Industrial buildings were found on the outskirts of the town, including facilities for breeding doves, olive presses, fabric dying, and glass making. Over 60 cisterns for water storage have been found throughout the excavation site as well.

Pottery found at Khirbet Qana from nearby Shikhin and Kefar Hananya show that trade at Khirbet Kana would have been largely local or regional. Fields for cultivation on the west side of Khirbet Qana, along with tax records detailing taxes on crops from the 16th century serve as evidence that Khirbet Qana relied in part on agriculture.

==Inhabitants==
The excavations of both a Jewish Synagogue and a Christian place of pilgrimage and worship reveal that Khirbet Qana was an important location for both religious groups, with a population of primarily Jewish inhabitants in earlier periods, such as the Roman and Hellenistic periods. Coins found at the site serve as evidence that the Khirbet Qana was under Maccabean influence by the 1st century BC, though at this time no Maccabean buildings have been found at the site. During the period of the Crusades, Christian pilgrims visited Khirbet Qana, though it is unclear if they ever lived there.

==In later years==
A lack of coinage from the late 4th to early 5th centuries may indicate a decline in Khirbet Qana, but the town shows signs of expansion and growth during the Late Byzantine period (late 5th to 7th centuries).

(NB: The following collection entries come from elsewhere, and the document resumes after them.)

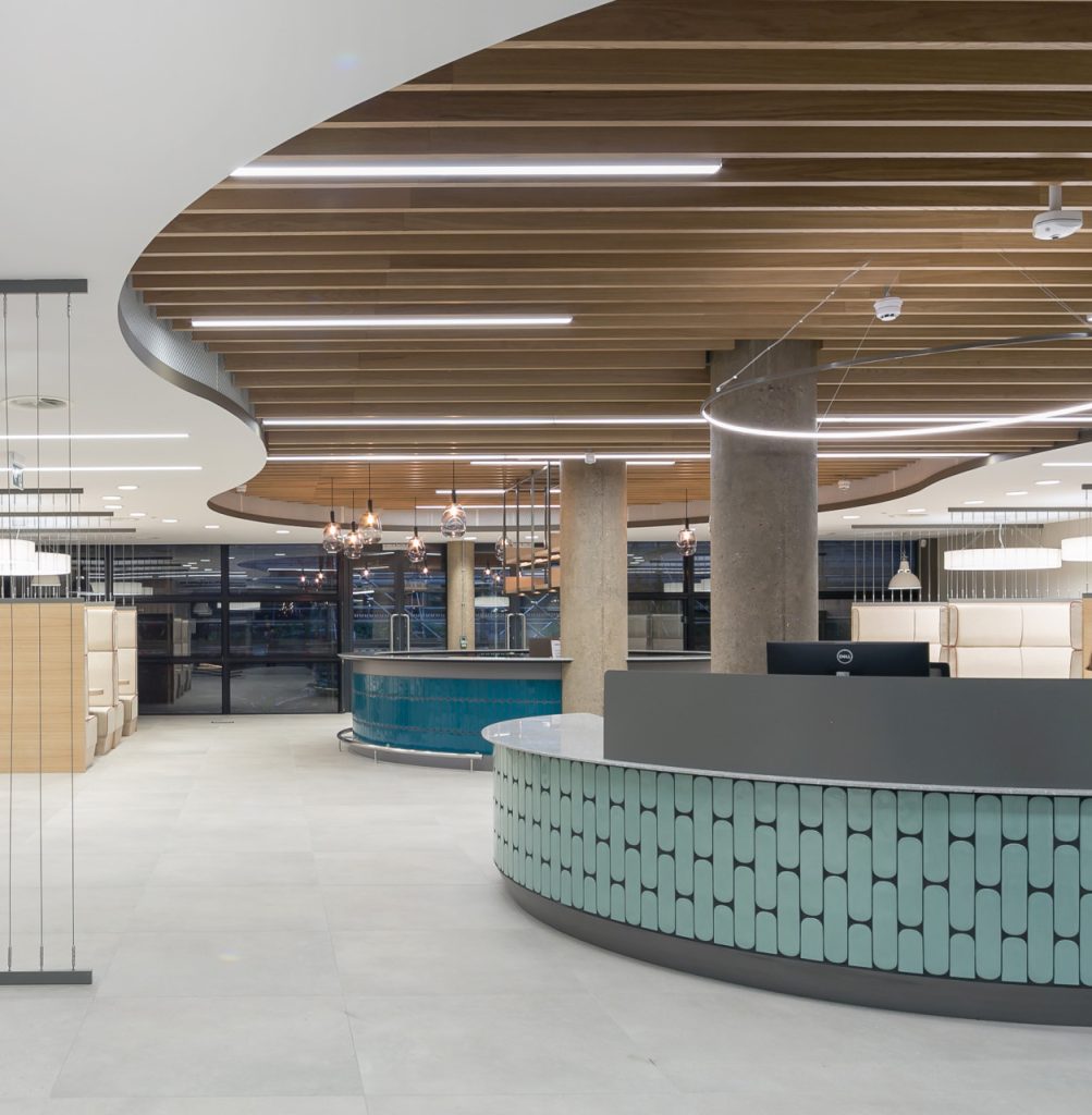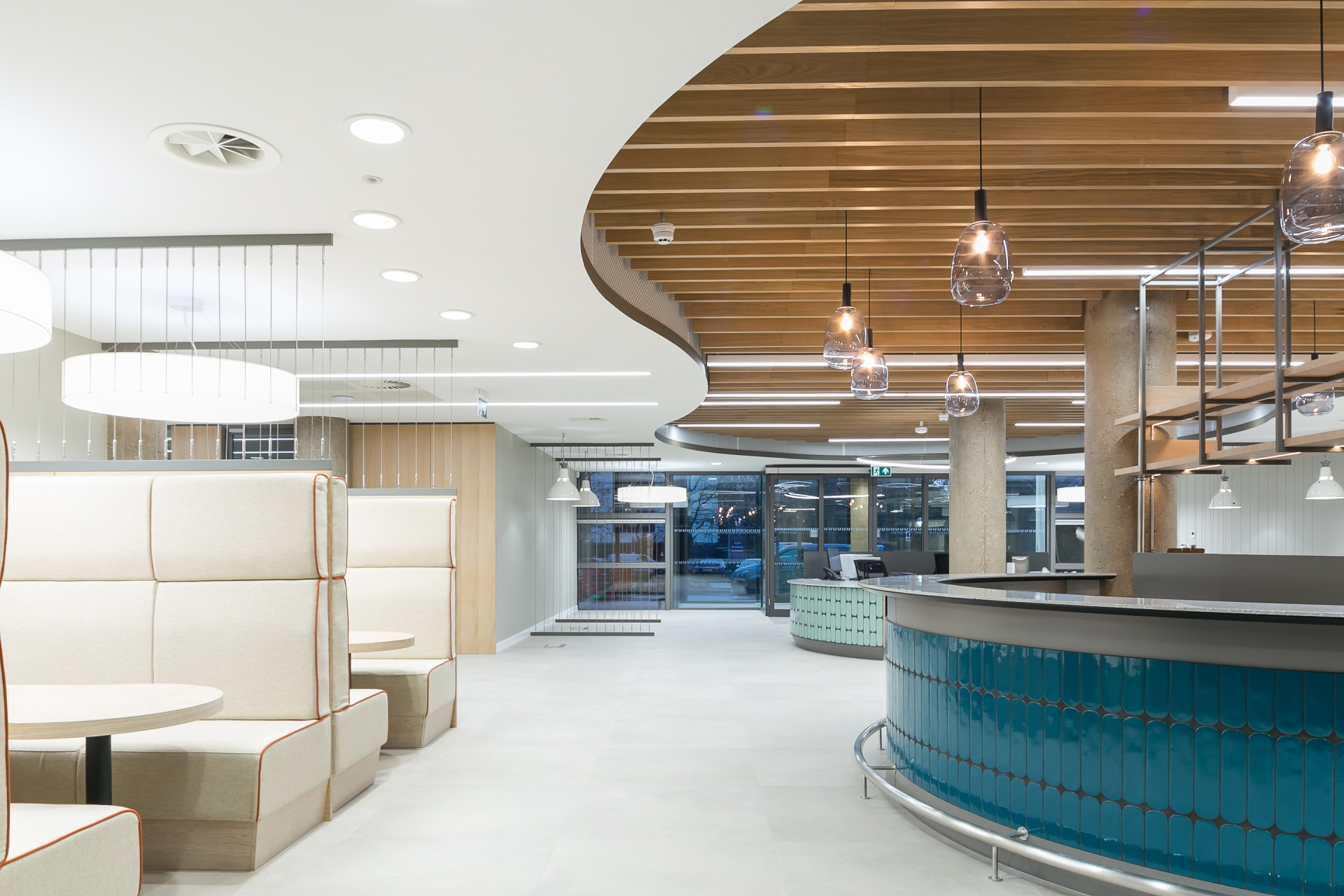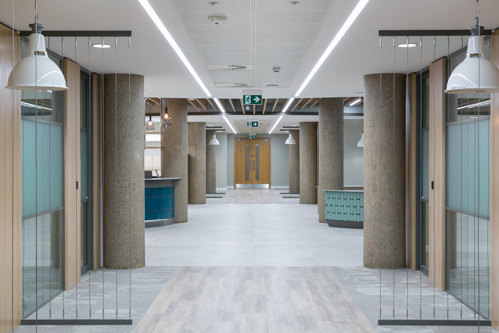 The design also incorporated a new main entrance with external walkway along with a purpose designed reception and coffee break out area with four large offices / meeting areas on the ground floor. All toilets were refurbished along with main communal staircases.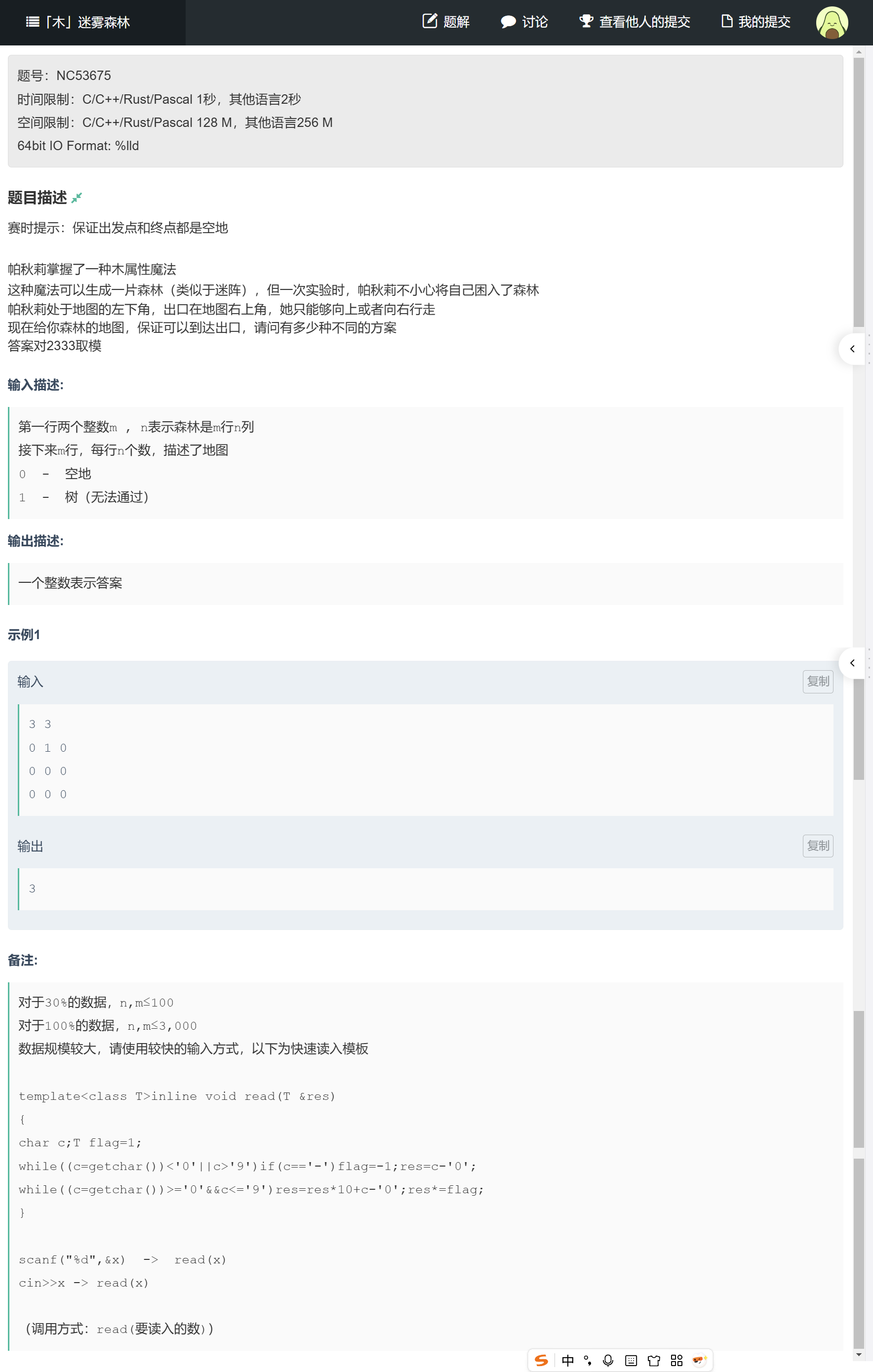[例题 3:"木" 迷雾森林(牛客网)------ 路径类 DP 的 "障碍迷宫题"](#例题 3:“木” 迷雾森林(牛客网)—— 路径类 DP 的 “障碍迷宫题”)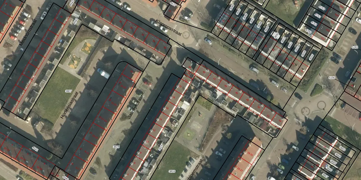 Jasmijnstraat 20 is gelegen op kadastraal perceel PPD00B3815. Deze kadastrale aanduiding is uniek en wordt gebruikt door het Kadaster om eigendomsrechten en andere zakelijke rechten vast te leggen. Het perceel maakt onderdeel uit van de kadastrale gemeente Papendrecht.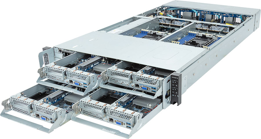 Quad Node, Dual 4th/5th Gen Intel Xeon Scalable Processors (Per Node), 4x LP PCIe Gen5 x16 slots, 3000W Redundant Power Suppply, 8x 2.5" NVMe/SATA/SAS hot-swappable drive bays.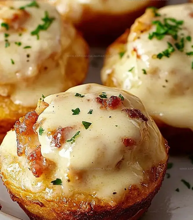- Layer the flavor foundations: sprinkle mozzarella cheese at the base of each dough cup. Add diced rotisserie chicken, followed by a generous dollop of alfredo sauce. Scatter crumbled bacon pieces across the surface. Crown with an additional layer of mozzarella cheese.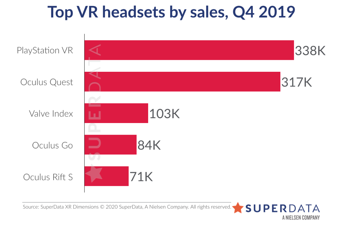 Vermoedelijk heeft de aankondiging van Half-Life: Alyx in november de verkoop een boost gegeven. Intussen is de headset zelfs volledig uitverkocht. Toch is de Valve Index ondanks die stijging nog lang niet de best verkochte headset. Die eer is nog steeds weggelegd voor de PlayStation VR, die afgelopen kwartaal meer dan 338.000 keer over de toonbank ging.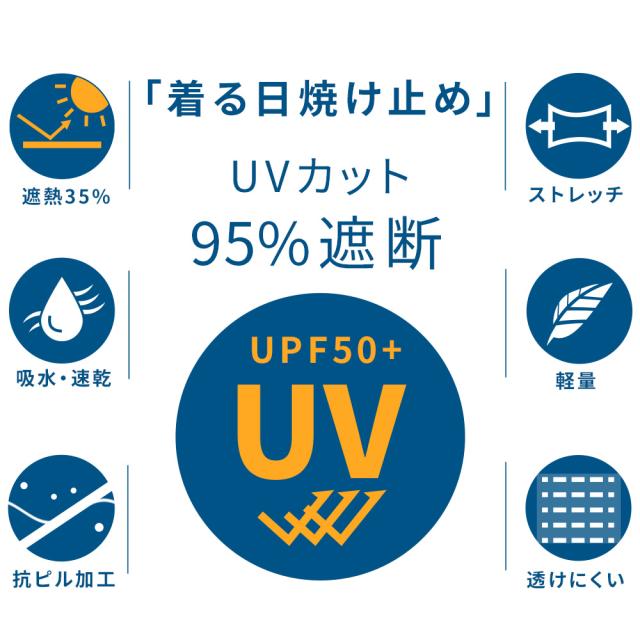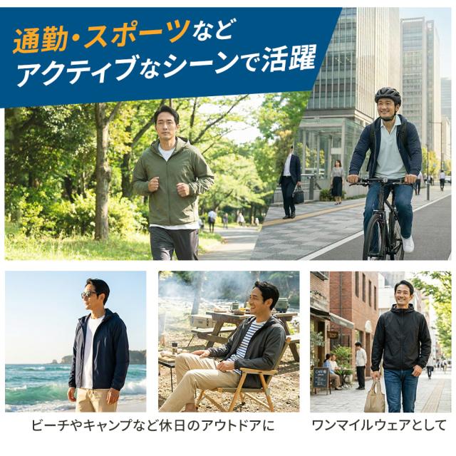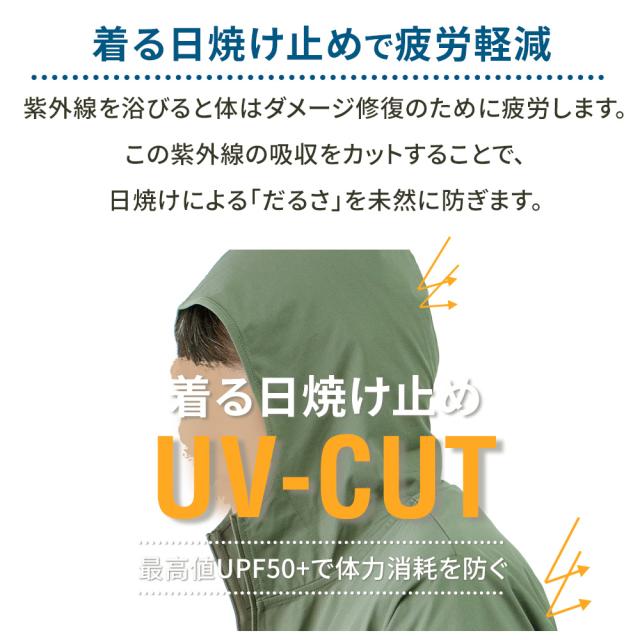 アトリエ365のUVカットパーカーは、ポリエステル100%の軽量素材で動きやすく、ストレスフリーな着心地が魅力。UVカット率95%・UPF50+で強い日差しから肌をしっかり守り、遮熱効果で暑い季節も快適に過ごせます。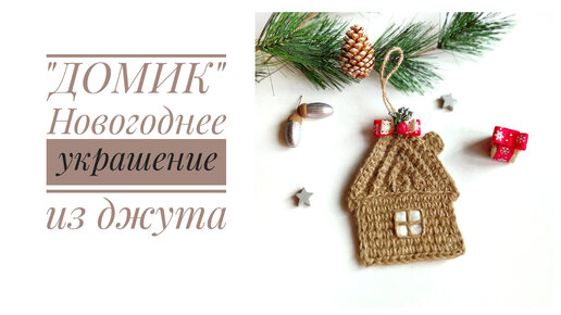 Новогодний эко декор из ДЖУТА. Вязаный ДОМИК крючком. Елочная игрушка своими руками. Украшение на елку.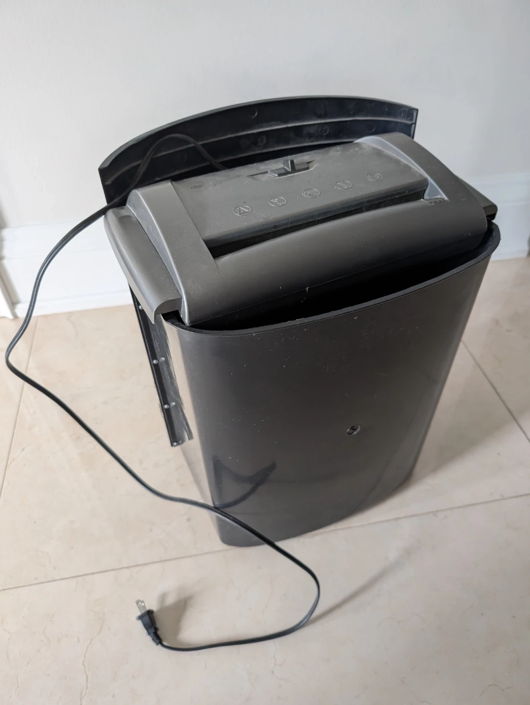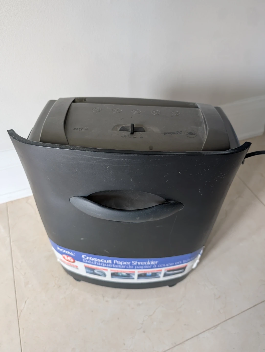 GBC Shredmaster SC60 crosscut paper shredder. It's a 16-sheet capacity shredder, perfect for home or office use. The unit has a handle for easy lifting and a large bin for shredded paper. It's a reliable way to dispose of sensitive documents securely!

The latest date for a coin found at Khirbet Qana is 613, and it was likely abandoned during the first half of the 7th century, during which time Galilee underwent invasion (614) and re-conquest (628) from Persia, prior to the Arab conquest (639).
The acropolis at Khirbet Qana, however, was again occupied most likely from the late 7th century through the early 8th century, as evidenced by Arab pottery found across the area, as well as renovations to the public building on the acropolis, and an early Islamic fragment of pottery.